In 1895 Mrs. Verrall 3 tested pure clairvoyance on playing-cards, in conjunction with tests of hyperaesthesia and its possible functioning in parapsychic tests. She found that, under her conditions (which deliberately permitted it), hyperaesthesia of sight and touch could function to a degree, but that there was something more, presumably clairvoyance.
Tischner reviews Kotik's work on the clairvoyance of his subject Lydia, carried out in Russia in 1908: Tischner's review is inadequate for a judgment of the original work; but he states his conviction that some of
the experiments "are beyond criticism". Tischner's own clairvoyance tests are not, as they are reported, explainable by any known alternative hypothesis. One has only the alternative of doubting the honesty or intellectual balance of the experimenter, and he quotes several witnesses in support. He used numbers of three or more digits, or words, written on slips of paper and folded up. He and the several witnesses testify to the exclusion of all trickery and, since the 78 trials gave 40 successes, the chance theory certainly does not apply. Tischner was on guard especially against "pellet switching", since the sensitive claimed to have done this earlier in his career under different circumstances. Tischner's "psychoscopic" observations ("psychometry") are likewise impressive, as described. Twenty-six witnessed experiments gave 61.5% positive results.

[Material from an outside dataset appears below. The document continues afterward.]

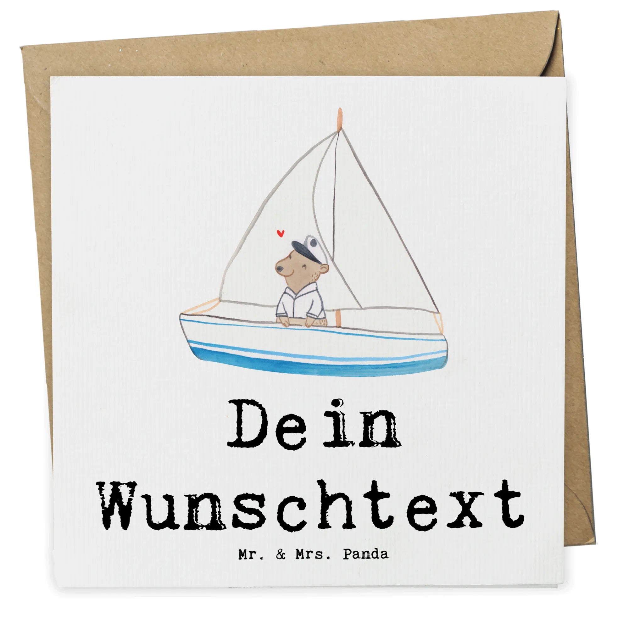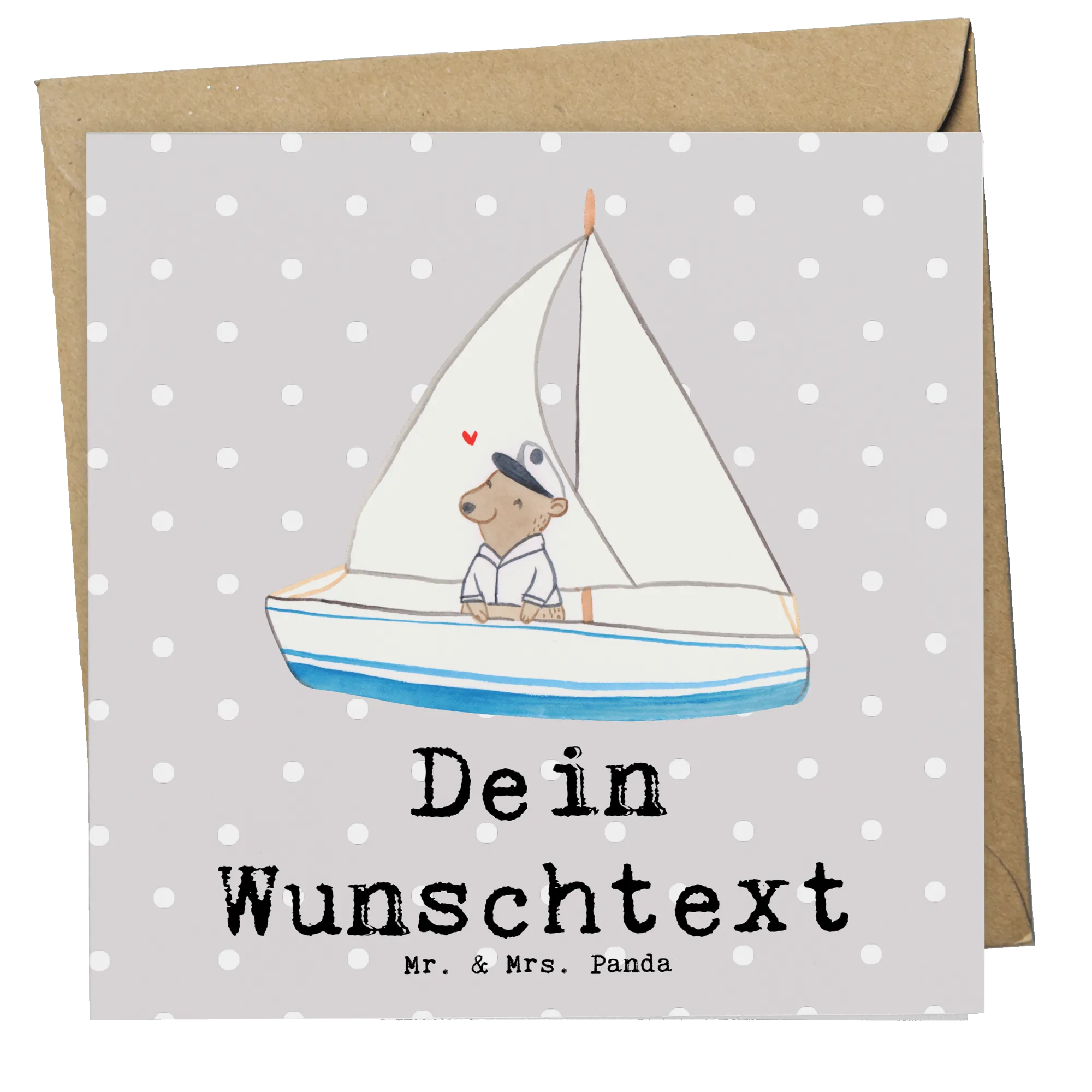 Die personalisierte Deluxe Karte "Bär Segeln Tage" von Mr. & Mrs. Panda ist das perfekte Geschenk für alle, die sich für das Segeln und die Seefahrt begeistern. Ein liebevoll gestalteter Bär mit einem Matrosenhut segelt fröhlich auf einem Segelboot über das Wasser und bringt damit die Freude und Freiheit des Segelns direkt zu dir!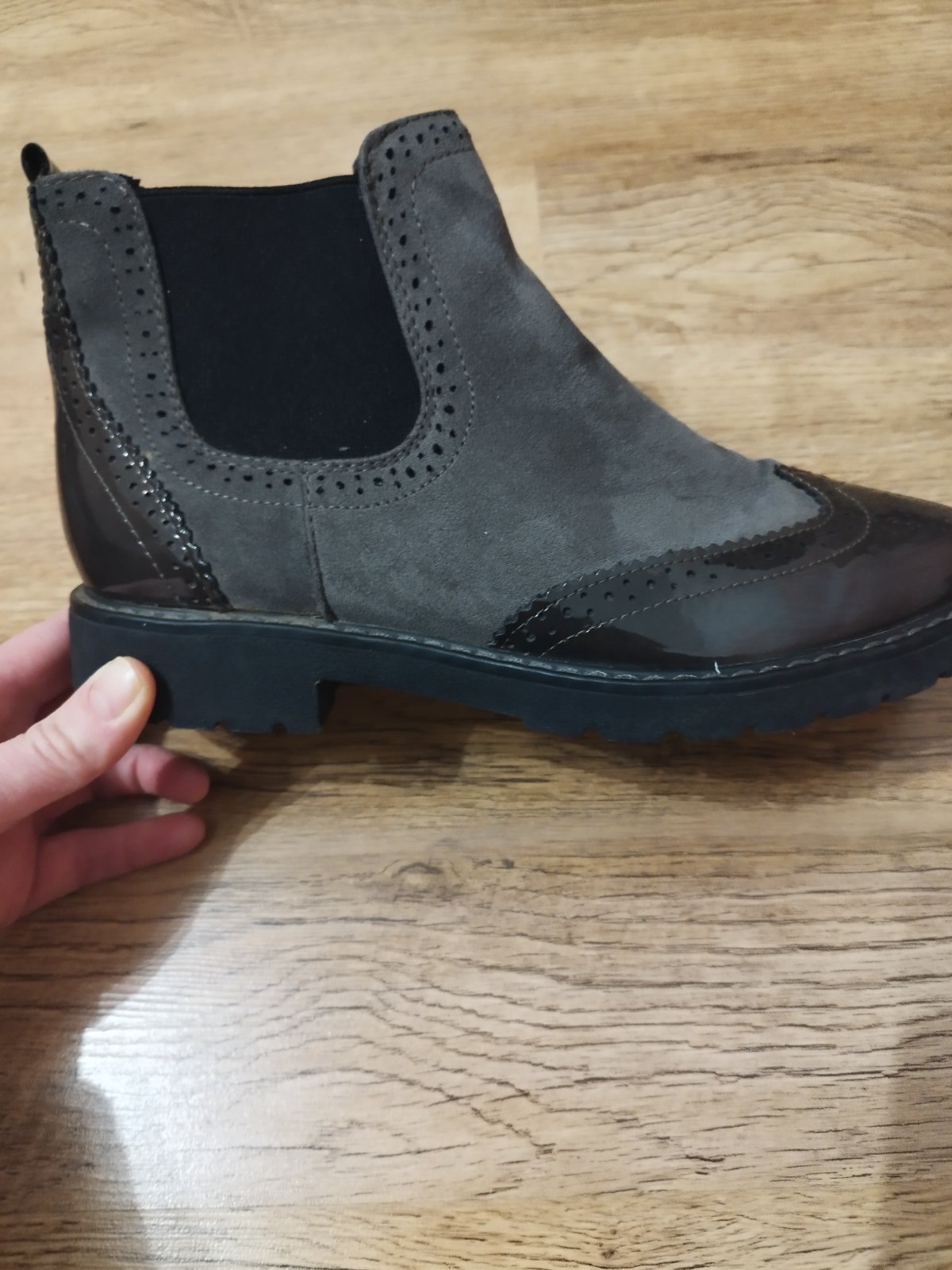 Pohodlne clenkove topánky s jemným filtrom.Vhodne na jeseň a miernu zimu.Nosene,ale vo výbornom stave.

Miss Jephson published in 1928, the results of 6,000 tests for clairvoyant perception of suits of playing-cards, made on 240 people, yielding results that average somewhat above mean chance expectation and, with the number of trials given, pass well beyond the minimum for significance. She obtained 1832 hits on suits or 332 above chance expectation, which would be approximately 14 times the probable error. Her results in pure clairvoyance compare roughly with those of Estabrooks on "telepathy"—i.e., with both telepathy and clairvoyance possible. I quote the following figures of comparison from Miss Jephson's article:
Total color right
Total suit right
Early guesses, color right
Early guesses, suit right
[paragraph continues] It would be very doubtful then if Estabrooks or, perhaps, if any one had actually demonstrated pure telepathy, in view of these results. For, if clairvoyance is possible, it must safely be excluded before telepathy can be inferred as the operative principle. I feel particularly indebted to Miss Jephson's work in that it helped to stimulate my own interest in clairvoyance. A second report in 1931, in conjunction with Messrs. Soal and Besterman, 1 does not confirm the earlier work and its "fatigue-curve" hypothesis. (This last point is discussed later in this report.)
If the more experimental studies of clairvoyance were regarded as the only "pure clairvoyance" material, the evidence would not be at all overwhelming. I think it would be good but in need of much repetition. Even so, it is far ahead of the definitely experimental evidence for "pure telepathy", for of such there is nothing on record, to my knowledge. And, if we accept provisionally the evidence from the "telepathy" tests in which clairvoyance was not excluded, we may as well accept the evidence for
clairvoyance from "psychometry", in which telepathy (extended and generalized) is not often excluded. If we do, I am inclined again to give the odds of weight of evidence in favor of clairvoyance, especially if we include the dowsing or divination data under this heading. The long list of first class "psychometric" cases is rather impressive: Señora de Z., Dr. Prince's Mrs. King, Dr. Osty's Mme. Morel and Mlle. de Berly, Rafael Schermann, Wasielewski's Miss Von B., Tischner's Mr. H., Dr. Geley's Ossowiecki, Paschal Forthuny, to mention some of the more famous.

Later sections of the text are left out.